The dollar's early-week decline followed remarks from Federal Reserve Chair Jerome Powell, who revealed that the Trump administration had threatened criminal proceedings linked to his testimony about renovation activities at the Federal Reserve's headquarters. Powell characterized this pressure as an attempt to coerce the central bank into adopting a looser monetary stance.
Following this disclosure, the market response stabilized, aided by President Donald Trump's indication on Wednesday that he does not currently intend to replace Powell, though he refrained from offering a definitive long-term stance.
Further contributing to the greenback's uplift were November data releases showing a modest rise in U.S. producer prices driven largely by gasoline costs and retail sales that exceeded expectations during the same month.
Analysts at ING pointed out, "Last night's Federal Reserve Beige Book showed no urgency for immediate rate cuts, with economic activity stable or improving across eight of the 12 Federal Reserve districts and labor markets remaining robust." The analysts further added that market anticipations of Fed policy easing this year have shifted, deferring expected cuts to midyear or later, which could prompt reassessment in rate markets favoring the dollar.
In European currency markets, the euro slipped 0.1% against the dollar to 1.1633 after remarks from Denmark's Foreign Minister Lars Lokke Rasmussen highlighted "fundamental disagreements" with the United States following discussions about Greenland's future.

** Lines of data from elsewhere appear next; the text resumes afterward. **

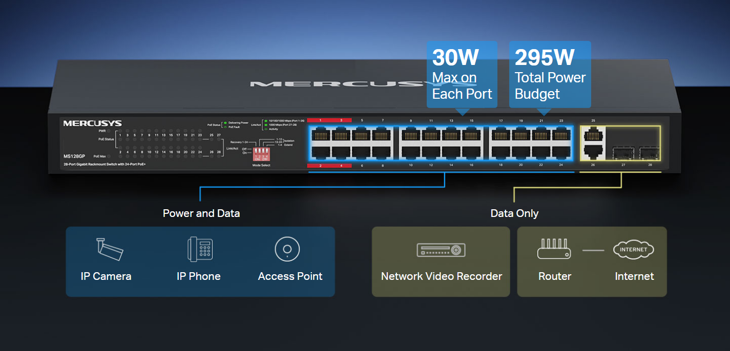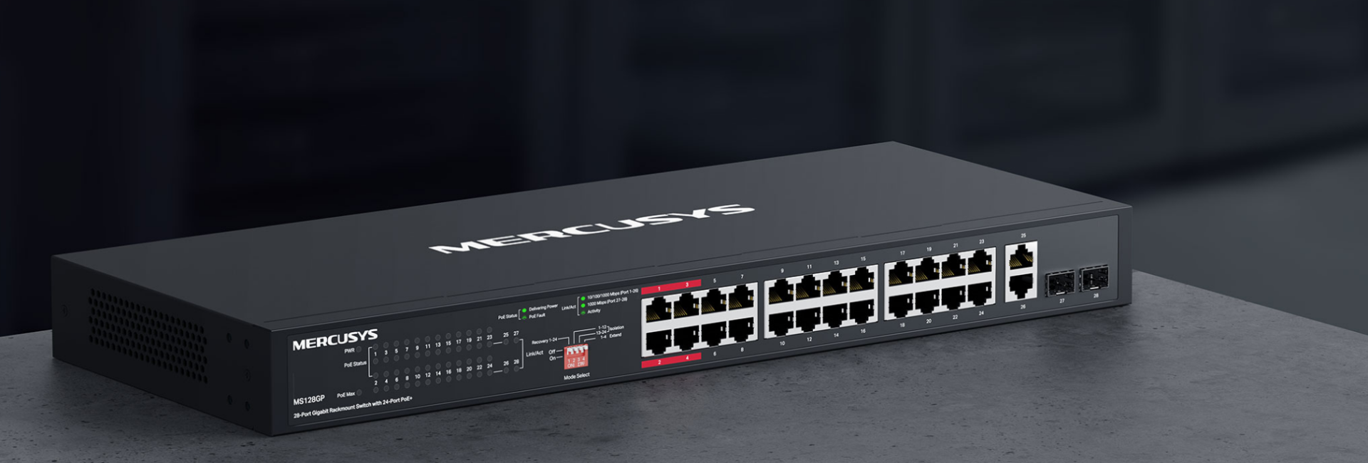 Mercusys MS128GP 28-Port Gigabit Rackmount Switch with 24-Port PoE+ (Max 295W), Long-Range Mode up to 250 m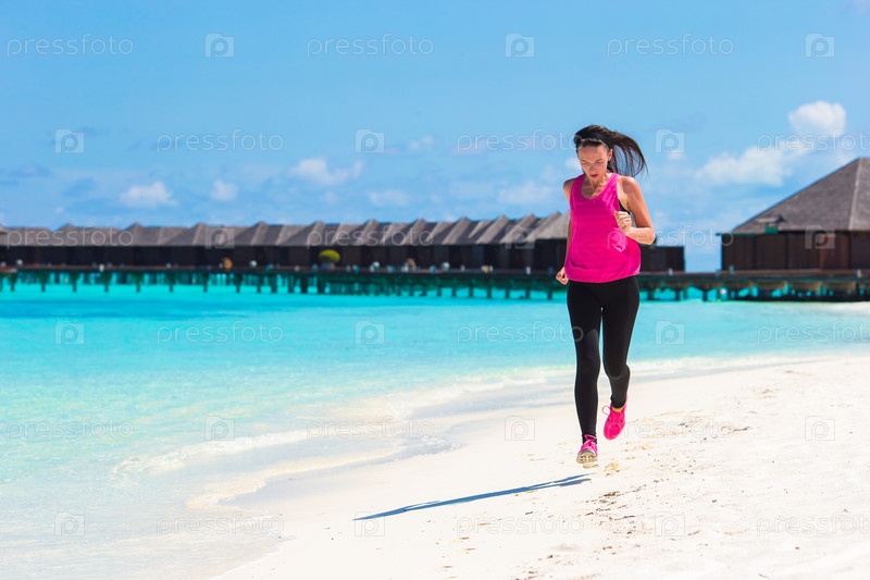 Женщина на пробежке по пляжу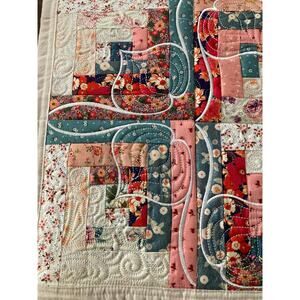Beautiful Quilted table runner or wall hanging, precision piecing Appliqué and intricate Quilted Embroidery. 13” X 25”. double layer cotton batting for heat protection. Perfect all year long. Double stitching on edge to prevent curling. if your going to use it as a wall hanging let me know and I will add a sleeve, no cost. Great gift. Gentle Machine wash and dry . Made in a pet and smoke free home. The Quilted Grandma will keep you in stitches. Be sure to add me to your favorites list!

These talks involved Danish and Greenlandic officials meeting with U.S. Secretary of State Marco Rubio and Vice President JD Vance at the White House.

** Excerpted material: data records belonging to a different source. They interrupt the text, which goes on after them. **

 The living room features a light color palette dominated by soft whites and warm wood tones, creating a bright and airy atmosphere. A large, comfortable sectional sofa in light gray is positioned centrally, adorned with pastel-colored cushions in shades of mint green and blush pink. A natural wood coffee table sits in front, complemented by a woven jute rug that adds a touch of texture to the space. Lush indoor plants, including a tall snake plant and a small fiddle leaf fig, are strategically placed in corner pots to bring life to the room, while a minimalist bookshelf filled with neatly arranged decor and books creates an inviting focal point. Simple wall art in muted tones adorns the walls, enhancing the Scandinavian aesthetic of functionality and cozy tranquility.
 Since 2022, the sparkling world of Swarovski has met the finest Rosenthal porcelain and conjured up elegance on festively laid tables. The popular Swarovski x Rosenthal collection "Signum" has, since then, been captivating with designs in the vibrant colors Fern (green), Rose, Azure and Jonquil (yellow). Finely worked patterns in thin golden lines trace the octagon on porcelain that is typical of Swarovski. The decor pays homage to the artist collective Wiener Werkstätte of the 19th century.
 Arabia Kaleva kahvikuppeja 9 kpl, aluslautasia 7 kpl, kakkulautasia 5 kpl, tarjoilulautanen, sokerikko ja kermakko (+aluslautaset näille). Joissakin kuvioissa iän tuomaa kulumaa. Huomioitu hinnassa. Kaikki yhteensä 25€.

Despite this diplomatic tension, ING noted that the euro-dollar pair remains in a low volatility range near multiyear lows, with no immediate triggers expected to reverse the current trend, making a move towards 1.1600 unlikely at present.

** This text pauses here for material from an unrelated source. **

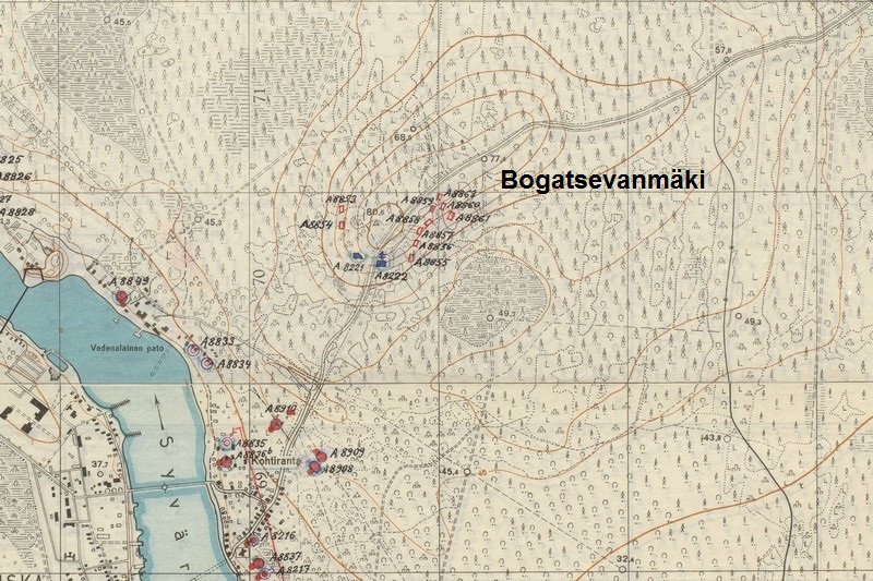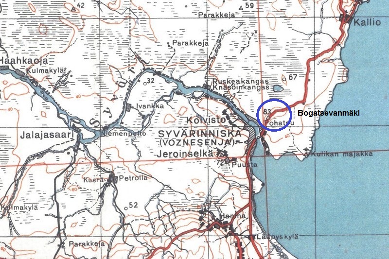 Bogatsevanmäki on huomattavan korkea mäki Voznesenjan koillispuolella Syvärin pohjoisrannalla. Mäkeen kantalinnoitettiin yhden komppanian puolustuskeskus, missä Suomen mies seisoi vartiossa vielä 23.6.1944. Kuitenkin linnoitus oli jätettävä taakse Aunuksen kannaksen länsiosan yleistilanteen takia ja jatkettava viivytystaistelua käyden pohjoiseen. ENa 2017.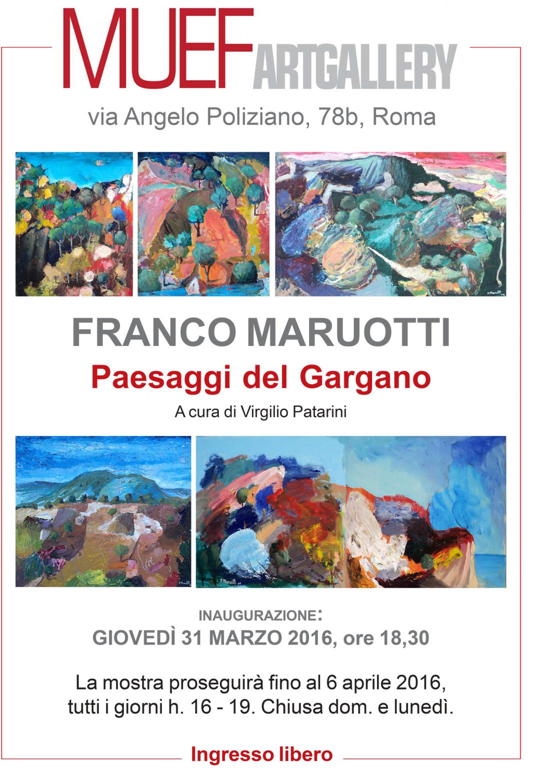 Si inaugura giovedì 31 marzo 2016 alle ore 18,30 alla Muef Art Gallery di Roma, via Poliziano, 78b la mostra personale di pittura di Franco Maruotti intitolata “Paesaggi del Gargano”, a cura di Virgilio Patarini con la collaborazione di Roberta Sole e organizzata da Zamenhof Art di Milano.

The British pound edged slightly higher to 1.3440 against the dollar thanks to robust economic data from the UK. Official figures indicated a 0.3% expansion in the British economy in November, outperforming the anticipated 0.1% growth on a month-to-month basis.
ING analysts suggested that the recent correction in sterling since November may continue, but there is potential for further upward surprises, particularly with the December UK Consumer Price Index due for release next week.
Turning to Asian currencies, the Japanese yen weakened against the dollar, with USD/JPY rising 0.2% to 158.63, maintaining proximity to a one-and-a-half-year peak reached earlier this week at 159.45. The yen's softness has been attributed to speculation surrounding Prime Minister Sanae Takaichi's planned early election call in February.
Markets view the potential for a Takaichi-led administration as bearish for the yen given her support for expansive fiscal policies, including increased public spending and ongoing accommodative monetary policies. Investors worry that such stimulus efforts could delay any policy normalization by the Bank of Japan, widen interest rate differentials with the U.S., and exert further downward pressure on the yen.
Elsewhere, the Chinese yuan eased slightly, as USD/CNY declined 0.1% to 6.9700. The Australian dollar gained 0.1%, reaching 0.6686 against the U.S. dollar, while the South Korean won appreciated by 0.5% to 1469.49 versus the greenback after previously falling 0.8%. This rebound followed reassuring comments from U.S. Treasury Secretary Scott Bessent, who remarked that the won's recent depreciation did not align with the nation's economic fundamentals.